[Start of section]
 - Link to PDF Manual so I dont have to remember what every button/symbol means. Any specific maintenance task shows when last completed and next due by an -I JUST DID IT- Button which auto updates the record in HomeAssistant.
[End of section]
[Start of section]
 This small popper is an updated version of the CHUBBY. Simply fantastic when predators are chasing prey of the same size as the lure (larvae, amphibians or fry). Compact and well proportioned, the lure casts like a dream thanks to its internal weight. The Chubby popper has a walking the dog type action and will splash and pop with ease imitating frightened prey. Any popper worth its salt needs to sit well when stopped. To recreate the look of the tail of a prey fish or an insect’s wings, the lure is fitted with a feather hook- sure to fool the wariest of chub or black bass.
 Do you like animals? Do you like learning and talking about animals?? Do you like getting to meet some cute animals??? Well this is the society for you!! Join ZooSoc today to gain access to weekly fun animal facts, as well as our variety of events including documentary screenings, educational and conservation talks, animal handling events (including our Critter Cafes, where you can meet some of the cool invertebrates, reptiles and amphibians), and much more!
[End of section]
▸ WHAT THE TASK ASKS
In the listing above, locate the line containing "This small popper" and the line containing "Do you like animals?", then transcribe both and every line between them verbatim.

▸ SOLUTION
 This small popper is an updated version of the CHUBBY. Simply fantastic when predators are chasing prey of the same size as the lure (larvae, amphibians or fry). Compact and well proportioned, the lure casts like a dream thanks to its internal weight. The Chubby popper has a walking the dog type action and will splash and pop with ease imitating frightened prey. Any popper worth its salt needs to sit well when stopped. To recreate the look of the tail of a prey fish or an insect’s wings, the lure is fitted with a feather hook- sure to fool the wariest of chub or black bass.
 Do you like animals? Do you like learning and talking about animals?? Do you like getting to meet some cute animals??? Well this is the society for you!! Join ZooSoc today to gain access to weekly fun animal facts, as well as our variety of events including documentary screenings, educational and conservation talks, animal handling events (including our Critter Cafes, where you can meet some of the cool invertebrates, reptiles and amphibians), and much more!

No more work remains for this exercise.